How Proper Data Quality and Performance Monitoring Can Help

Proper data quality and performance monitoring are essential for cost optimization in cloud environments. By proactively monitoring data quality, performance metrics, and resource utilization, organizations can identify inefficiencies, prevent cost overruns, and optimize cloud spend. For example, ThoughtSpot's case study demonstrates how Revefi helped cut 30% of cloud data platform costs by implementing comprehensive data observability and governance solutions.

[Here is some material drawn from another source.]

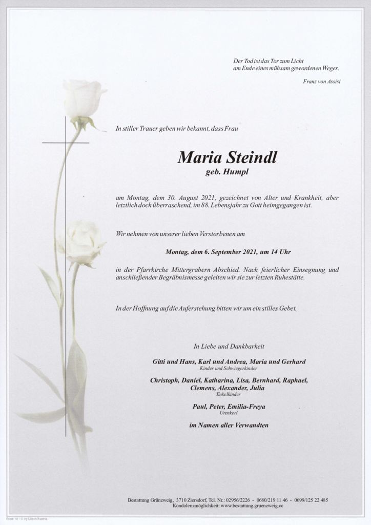 Unser aufrichtiges Beileid der ganzen Familie von Maria Steindl entbietet Familie Leopold Kisser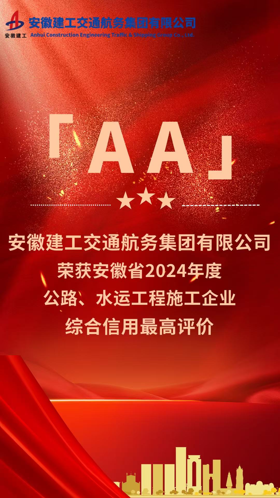 “AA”级信用评价是安徽省公路水运建设领域信用评价最高等级。获此殊荣,充分彰显了公司精湛的履约能力、一流的管理水平和良好的信用形象。

Why Revefi for Your Enterprise Data Observability and Cloud Cost Management

Revefi is a comprehensive and cohesive offering for enterprise data quality, usage, performance, and cloud cost management. With Revefi, organizations can gain real-time insights into their data pipelines, ensure data integrity, and optimize cloud spend. By leveraging Revefi's advanced monitoring, automation, and analytics capabilities, organizations can achieve greater efficiency, cost savings, and business agility in their cloud operations.

As organizations increasingly rely on cloud data platforms and data warehousing solutions to drive digital transformation, managing cloud costs becomes a critical imperative. By understanding common expense items, implementing cost optimization strategies, and leveraging proper data quality and performance monitoring, organizations can navigate the complexities of cloud spending and drive sustainable growth in the digital era. With Revefi's solutions, organizations can gain visibility, control, and cost savings in their cloud data operations, enabling them to unlock the full potential of their data assets and drive business success.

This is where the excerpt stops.